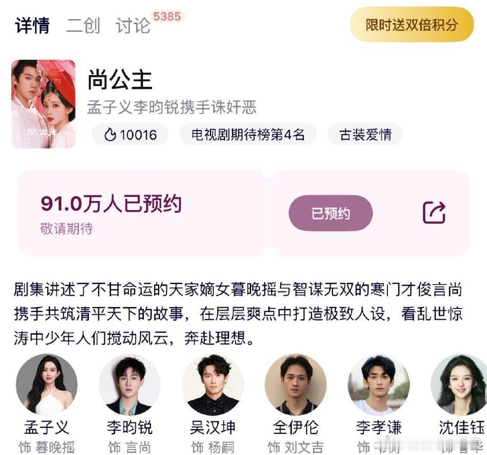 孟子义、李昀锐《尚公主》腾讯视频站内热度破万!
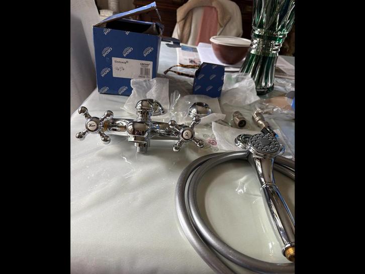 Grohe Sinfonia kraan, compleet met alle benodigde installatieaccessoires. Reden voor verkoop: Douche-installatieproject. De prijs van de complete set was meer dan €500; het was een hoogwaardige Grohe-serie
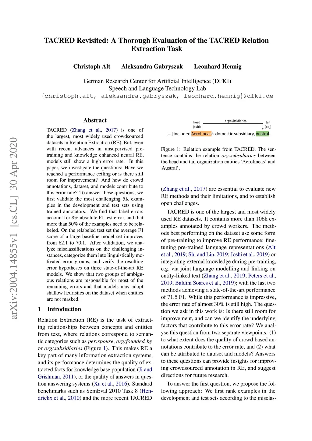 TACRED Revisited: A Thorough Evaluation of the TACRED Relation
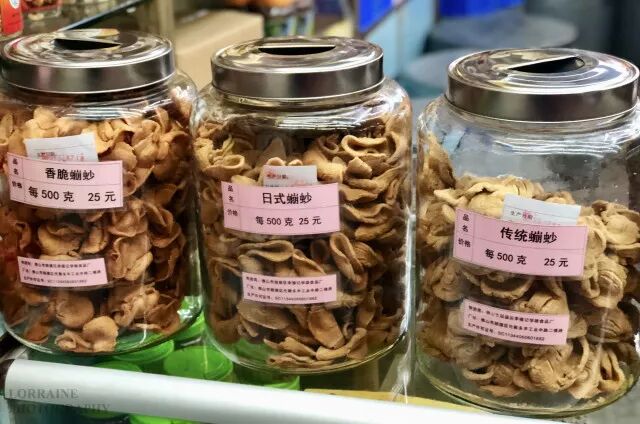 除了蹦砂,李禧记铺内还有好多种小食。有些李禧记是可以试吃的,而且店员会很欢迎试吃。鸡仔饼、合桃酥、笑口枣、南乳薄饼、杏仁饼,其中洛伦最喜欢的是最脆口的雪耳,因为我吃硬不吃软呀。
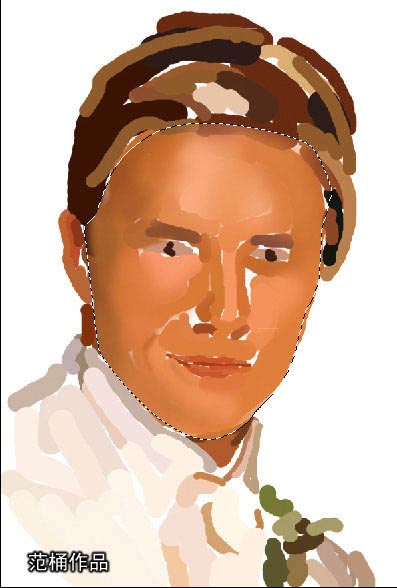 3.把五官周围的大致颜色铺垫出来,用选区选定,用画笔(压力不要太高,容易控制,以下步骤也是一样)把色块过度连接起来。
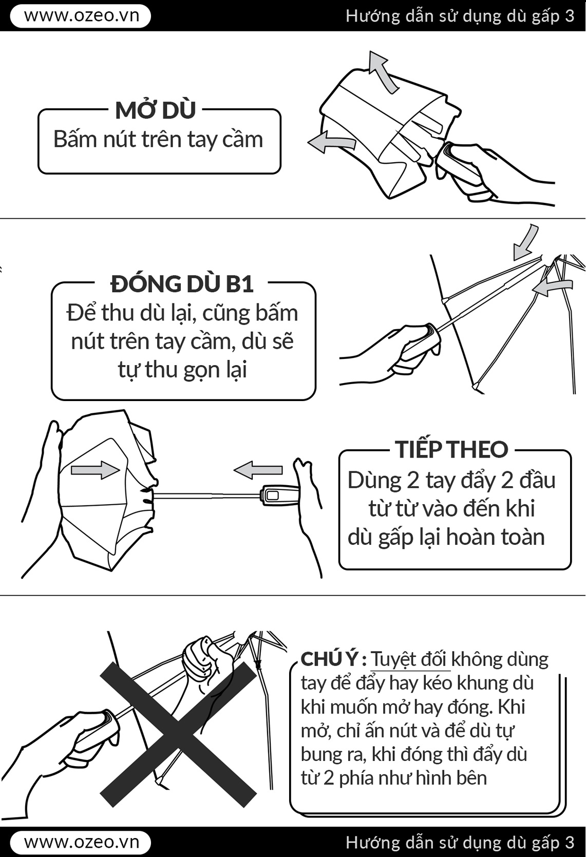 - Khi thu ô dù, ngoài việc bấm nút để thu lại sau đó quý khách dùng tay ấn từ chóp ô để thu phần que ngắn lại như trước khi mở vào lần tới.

--------------------

* WHAT THE TASK REQUIRES *
Reproduce the data above exactly, but only the lines from the one showing "TACRED Revisited: A" through the one showing "3.把五官周围的大致颜色铺垫", with both ends kept and the pictures left out.

* WRITTEN RESPONSE *
 TACRED Revisited: A Thorough Evaluation of the TACRED Relation
 除了蹦砂,李禧记铺内还有好多种小食。有些李禧记是可以试吃的,而且店员会很欢迎试吃。鸡仔饼、合桃酥、笑口枣、南乳薄饼、杏仁饼,其中洛伦最喜欢的是最脆口的雪耳,因为我吃硬不吃软呀。
 3.把五官周围的大致颜色铺垫出来,用选区选定,用画笔(压力不要太高,容易控制,以下步骤也是一样)把色块过度连接起来。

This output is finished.